- Born: 25 February 1948 Tehran, Iran
- Died: 21 March 2025 (aged 77)
- Other name: Parvaneh E'temadi
- Education: University of Tehran
- Occupations: Visual artist, painter, collagist, draftsperson, printmaker
- Spouse: Ruyin Pakbaz

= Parvaneh Etemadi =

Iranian visual artist (1948–2025)

Parvaneh Etemadi (پروانه اعتمادی; 25 February 1948 – 21 March 2025) was an Iranian visual artist who worked as a painter, draftsperson, printmaker, and collagist. She was mostly known for her still life drawings on a cement support. Etemadi was a renowned female artist in Iran, and internationally.

== Early life and education ==
Parvaneh Etemadi was born on 25 February 1948 in Tehran, and she was raised in Birjand in South Khorasan province, Iran.

She attended the University of Tehran in the College of Fine Arts, but did not graduate. She was mentored in painting under Bahman Mohasses, and is considered his only direct student.

== Career ==
Her first solo exhibition was in 1969 at Ghandriz Gallery in Tehran; and between 1967 and 1977, she regularly showed her work there alongside other artists working in the modernism movement.

She publicly said she did not like to be labeled as a 'woman artist' or as a 'feminist artist', and believed her work resonates more with the, "agony and ecstasy of poetry". In 2019, Tarrahan Azad Gallery in Tehran held a retrospective of her work.

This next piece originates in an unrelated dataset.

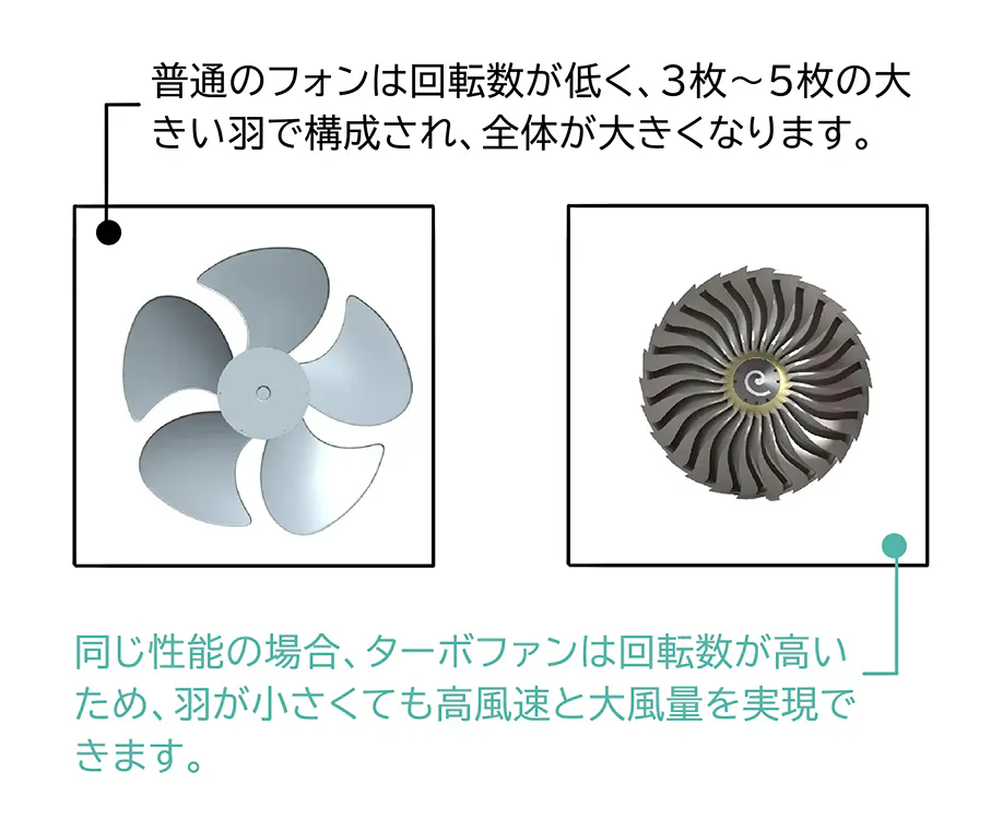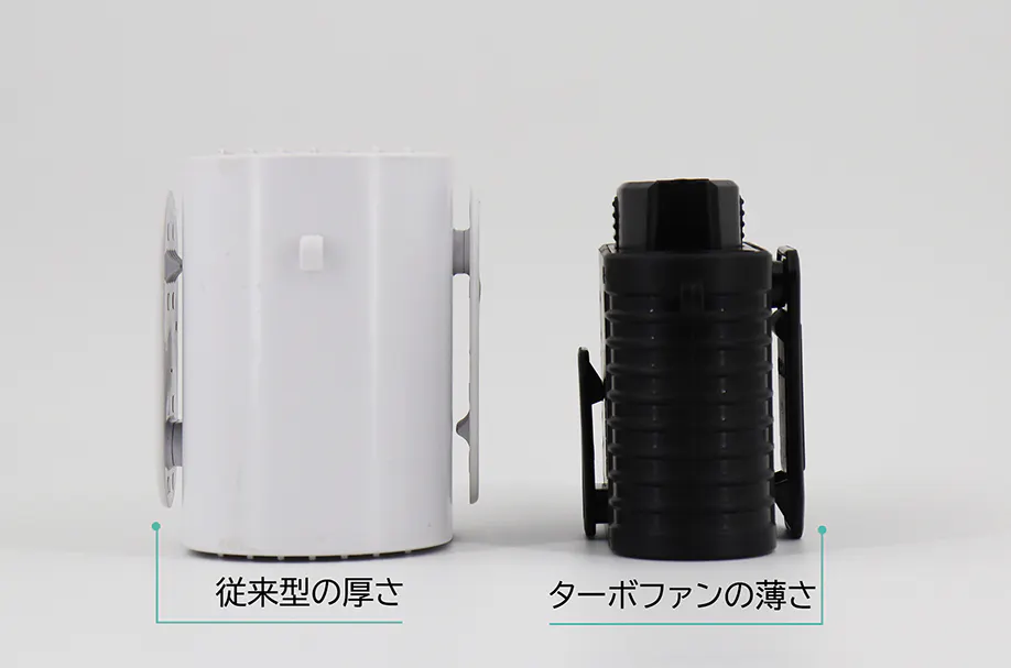 「WalkFan ultra」は13枚の羽がつたいたターボファンを採用し、高性能なのに従来型の約半分の薄さ3.5cmに圧縮できました。

In her book Good Morning... Good Night. Cinque artiste e una curatrice dall'Iran, Iranian curator Tarlan Rafiee offers an exploration of Etemadi's artistic journey. She delves into Etemadi's renowned “cement works,” highlighting how these pieces reflect the artist's personal experiences and surroundings. Rafiee emphasizes Etemadi's unique perspective as a female artist in Iran, noting her ability to authentically portray her world without comparison to male counterparts:“Parvaneh Etemadi, born in Tehran in 1947, is a seminal Iranian artist known for her intimate, autobiographical works. Her celebrated ‘cement works’—nudes and still lifes etched onto cement-coated panels—embody a deeply feminine vision that defied the male-dominated art scene of pre-revolutionary Iran. Eschewing comparison with male peers, Etemadi’s art reflects a lifelong exploration of womanhood, memory, and domestic space. Her post-revolution collages and drawings, often incorporating personal photographs, evoke a nostalgic yet critical gaze.”Her group exhibition history spans three decades and multiple continents, including participation in the International Art Fair in Basel, Switzerland (1976), a group exhibition at Cité des Arts in Paris (1978), and a presentation of Contemporary Iranian Art at Foxley/Leach Gallery in Washington D.C. (1978). She also participated in an exhibition of Iranian art in Beijing and Shanghai (1978).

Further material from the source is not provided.